Healthier Without Wheat
A New Understanding of Wheat Allergies, Celiac Disease, and Non-Celiac Gluten Intolerance
- 2009 INDIES Finalist
- Finalist, Health (Adult Nonfiction)
Millions of people may currently be suffering numerous health problems from a culprit found in wheat called gluten. Gluten intolerance is often overlooked and frequently unrecognized by today’s physicians, according to state licensed and board certified physician Dr. Stephen Wangen. While most people have heard of celiac disease, it is but a small part of a bigger problem called gluten intolerance.
The author of Healthier Without Wheat explains to readers and professionals how our culture first became infatuated with and later dependent upon wheat and the resulting problems that have since occurred. Author of The Irritable Bowel Syndrome Solution, Dr. Wangen is also founder of the Irritable Bowel Syndrome Treatment Center and the Center for Food Allergies. Wangen has spent many years researching the problems related to foods and allergies.
The book includes a good overview of the history of wheat, explains the differences between celiac disease and gluten intolerance, and includes personal essays by those who suffered from health problems that later proved to be the result of gluten intolerance. Wangen discusses medical tests that physicians often neglect that would rule out gluten intolerance, and he gives readers practical information to take to their physicians and practitioners. Many physicians still do not have a good appreciation for celiac disease, Wagner says, therefore when ruling out celiac disease most “will not pursue any further the possibility that a patient might instead be gluten intolerant. A “tremendous amount of suffering,” he states, could be avoided if doctors only knew how to test for non-celiac intolerance.

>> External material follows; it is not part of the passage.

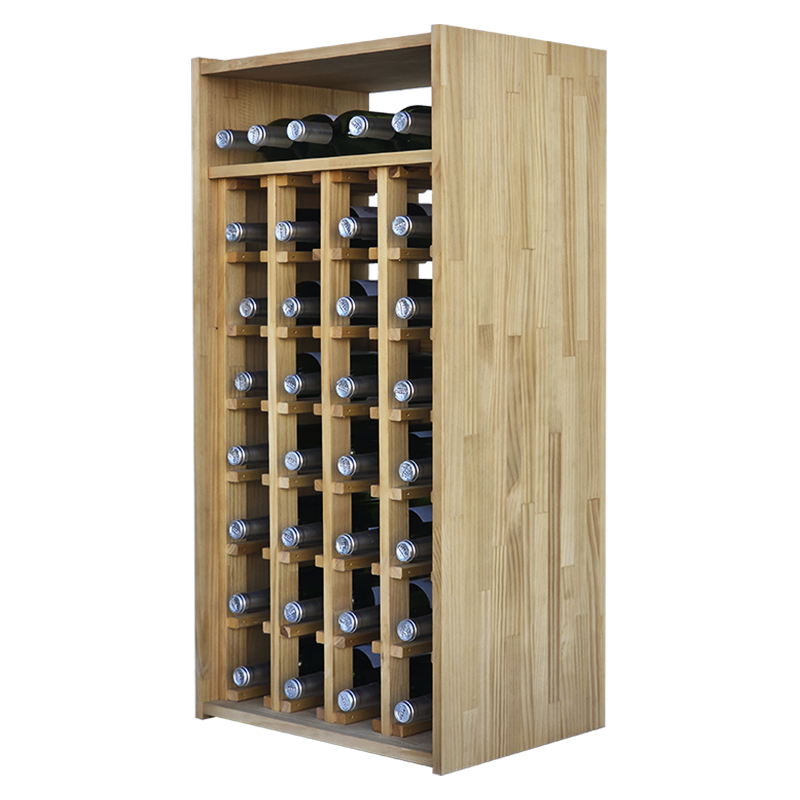 Dispone de 4 columnas independientes formadas por travesaños redondeados de madera que crean huecos individuales, y una estantería superior para 4 botellas  de vino o cava permitiendo almacenar hasta 32 botellas estándar de 75 cl en posición horizontal óptima. Esta disposición mantiene el corcho en contacto con el vino, favoreciendo un envejecimiento perfecto y una conservación optima.

In Healthier Without Wheat, Wangen challenges health assumptions about wheat and lists numerous conditions associated with gluten intolerance, including abdominal pain, anemia, arthritis, esophagitis, fatigue, and migraines. The book informs readers not only where gluten can easily be found but also where gluten hides. Wangen’s concise and easy to understand manner will leave his readers with both an awareness of the bigger problem of gluten and how it could aversely be affecting their own lives and the lives of others.